By default, DataFrame columns are created in sorted order of keys. Order can also be specified.

A column can be retrieved as a Series by bracket or dot notation:
```
frame[‘column’]
frame.column
```
The returned Series will have the same index as the DataFrame and with the name attribute appropriately set.

Column data can be assigned new values, either a scalar or array-like values. Lists or arrays assigned to a column must have the same length as the column. 

A Series can be assigned to a column, with its index aligning to the DataFrame’s index.

Syntax for creating a new column is similar to assignment, but only bracket notation works.

Columns can be removed with the **del** method.

DataFrames can be populated from a variety of array-like structures.

Missing values in the sort data will be populated with `null` or `NaN` depending on column data type.


#### Indexes & Slicing

Index objects 
- are immutable and hold axis labels & metadata 
- behave like sets, but can contain duplicate labels
- Can be accessed like so:
```
	frame.index	# returns rows index
	frame.columns	# returns columns index
```
- Support a number of set methods and properties

DataFrames can be reindexed to rearrange data according to a new index, as long as labels are unique.

Reindex can introduce missing values or fill in missing values explicitly.

Reindex can alter row index, columns, or both.

Entries can be dropped from an axis using index labels.

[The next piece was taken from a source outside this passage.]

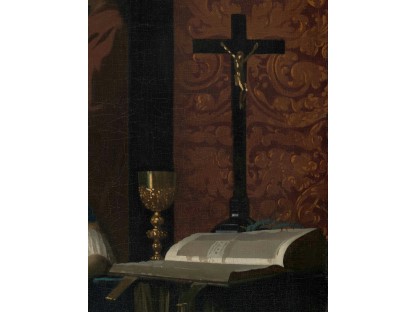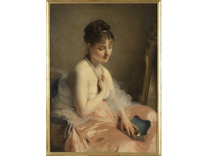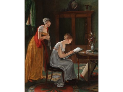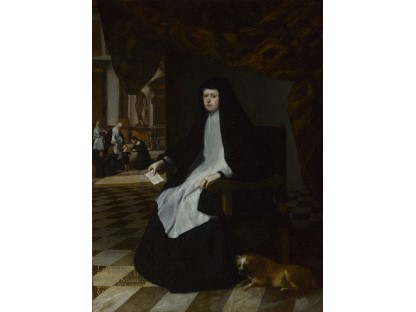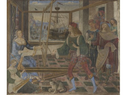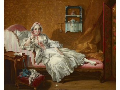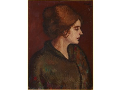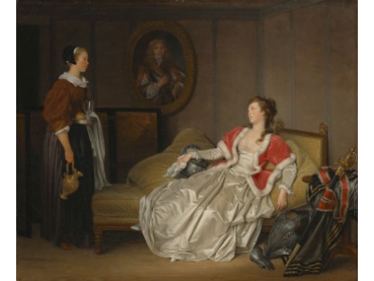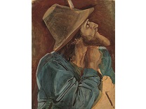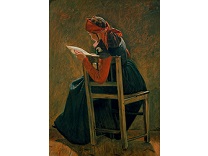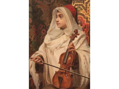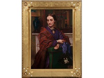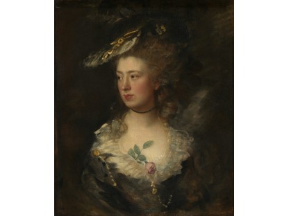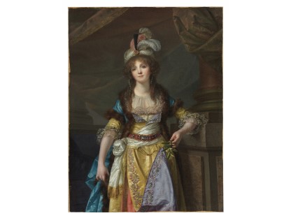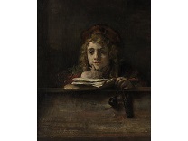 该画描绘了一名身穿棕色衣服,佩戴黄、蓝色头巾的少女,气质超凡出众,宁静中淡恬从容、欲言又止的神态栩栩如生,看似带有一种既含蓄又惆怅的、似有似无的伤感表情,惊鸿一瞥的回眸…
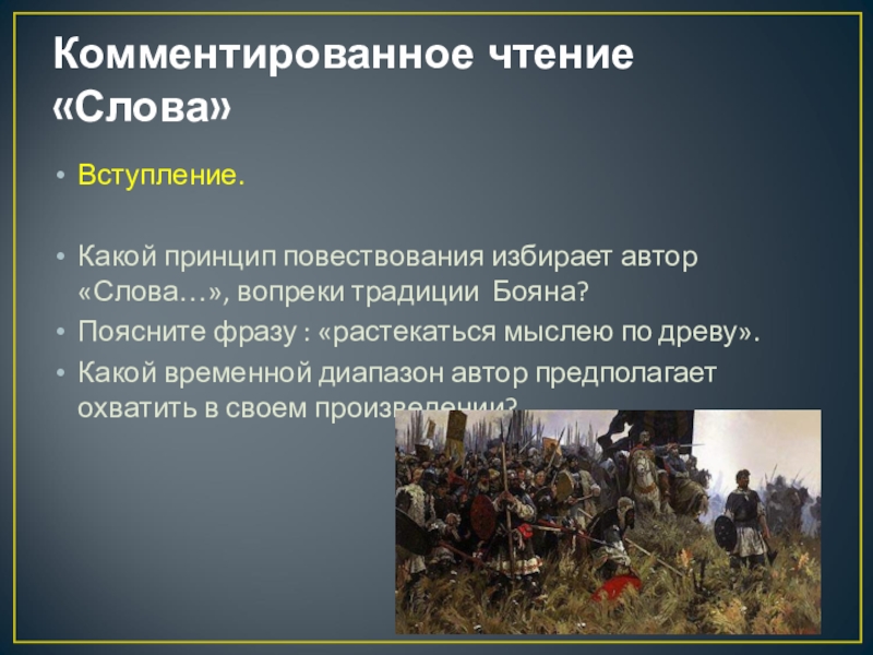 Какой принцип повествования избирает автор «Слова…», вопреки традиции Бояна?

For DataFrames, drop will automatically drop rows unless columns axis is specified.

Methods like drop, which modify the size or shape of a Series or DataFrame, return a new object unless you specify inplace=True

Index labels can be used for data selection or filtering.

Series data can be indexed by label or data value. In either case, this can be a single value or a sequence.

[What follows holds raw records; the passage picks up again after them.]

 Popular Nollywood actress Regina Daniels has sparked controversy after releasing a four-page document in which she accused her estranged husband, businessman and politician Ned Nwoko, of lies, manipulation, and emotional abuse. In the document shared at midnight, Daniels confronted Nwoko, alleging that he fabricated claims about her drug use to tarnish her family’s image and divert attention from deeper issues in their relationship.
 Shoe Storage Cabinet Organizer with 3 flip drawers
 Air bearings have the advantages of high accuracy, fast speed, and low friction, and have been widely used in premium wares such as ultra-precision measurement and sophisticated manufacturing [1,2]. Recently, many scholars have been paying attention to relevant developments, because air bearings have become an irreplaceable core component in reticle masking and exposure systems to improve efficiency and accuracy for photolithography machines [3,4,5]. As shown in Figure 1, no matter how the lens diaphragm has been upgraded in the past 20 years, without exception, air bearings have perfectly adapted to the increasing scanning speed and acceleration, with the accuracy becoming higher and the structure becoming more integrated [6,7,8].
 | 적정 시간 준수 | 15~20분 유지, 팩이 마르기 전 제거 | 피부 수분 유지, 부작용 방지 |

Slicing a Series with labels differs from normal Python - the endpoint is inclusive.

DataFrames indexing returns one or more columns using column names.

DataFrames support row selection with slicing similar to Python, as a convenience, but can also be done with a boolean array.

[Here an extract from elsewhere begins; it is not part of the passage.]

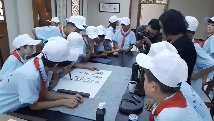 学生在中华文化体验馆写毛笔字“我爱您,中国”
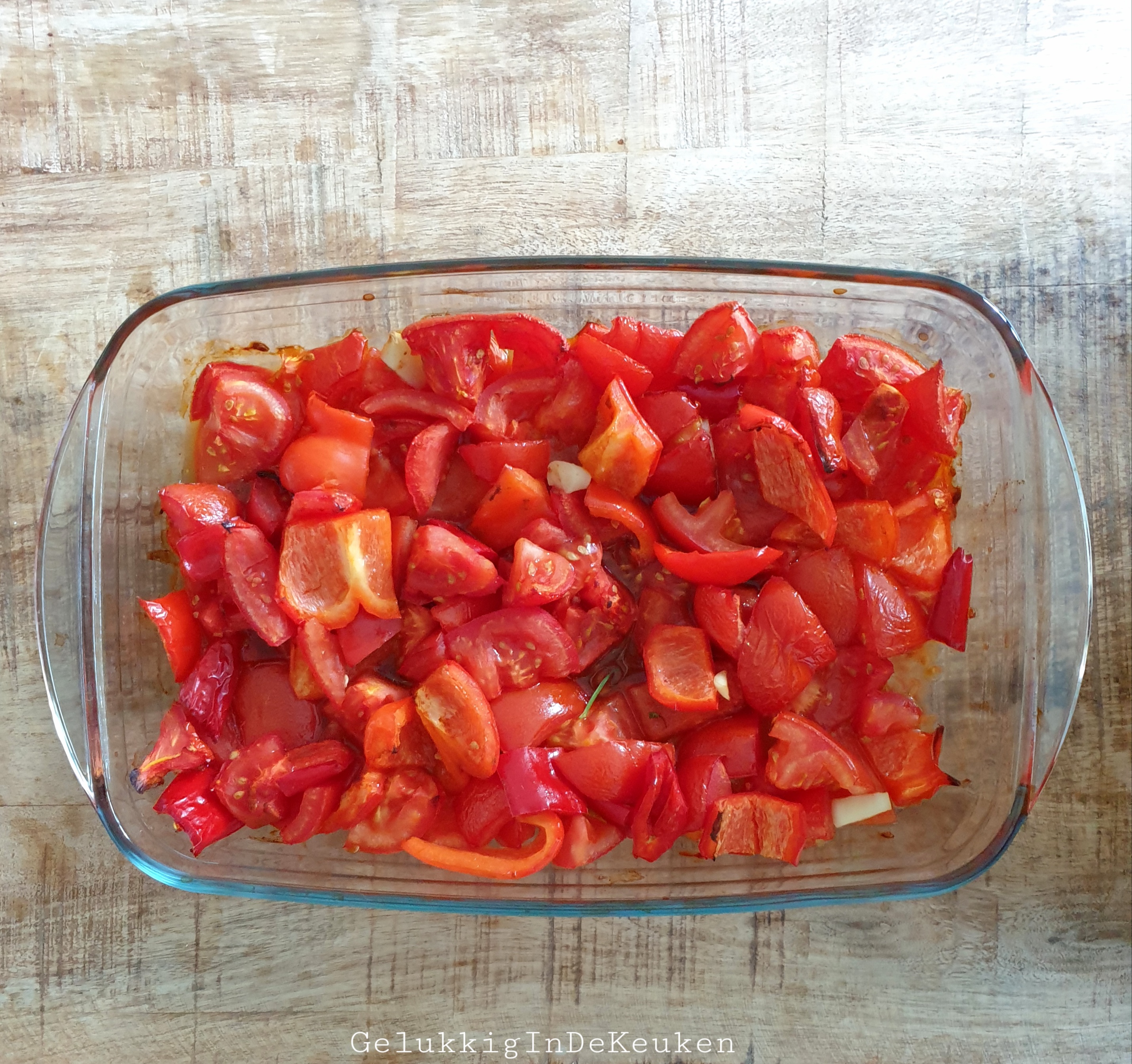 Doe de paprika, tomaten, knoflook, paprikapoeder en olijfolie in een ovenschaal en meng alles met elkaar. Zet de schaal in de oven voor 45 minuten. Eventueel tussendoor een keer omscheppen.

DataFrame rows can also be selected by axis labels (loc) or integers (iloc). 

Each method takes two parameters - row select and column selection. Parameter values can be scalar, a sequence, or a slice.

DataFrames also support selecting a single value at a row & column position.


#### Arithmetic & Data Alignment

When pandas objects are added, the resulting index is a union of the source indexes. Where index labels don’t overlap, missing values are inserted.

By default, arithmetic between DataFrame and Series matches the index of the Series on the DataFrame’s columns, broadcasting down the rows.

  `frame - series`

To broadcast over columns instead, matching on the rows, you have to use arithmetic method and specify the axis to match on:

  `frame.sub(series, axis='index')`

NumPy ufuncs can be applied to pandas objects.

Pandas can also **apply()** an array function to each column or row of a DataFrame. The applied function can return a scalar or a Series.

By default, apply() is invoked per column, but you can specify `axis=’columns’` instead to invoke for each row.

Element-wise functions can be applied with **applymap()**. 


#### Sorting & Ranking

pandas objects can be sorted by index label using **sort_index()** in ascending or descending order.

DataFrames can be sorted by either axis.

**sort_values()** has similar syntax, but sorts the object by values instead. Data in one or more columns can be used as sort keys when sorting a DataFrame.

**rank()** returns the rank of data points in an array. By default, rank() breaks ties by assigning each item the group mean rank. Rank can also be assigned according the order values are observed in the data.

For DataFrames, rank can be computed over the rows or columns.


#### Computing Descriptive Statistics

pandas objects support common math & statistical methods, mostly for **reductions** or summary statistics - methods that extract a single value from a Series or a Series of values from the rows or columns of a DataFrame.

NA values are excluded by default.

**idxmin()** and **idxmax()** return the index value where minimum or maximum values are found.

**describe()** returns multiple summary statistics in one  pass.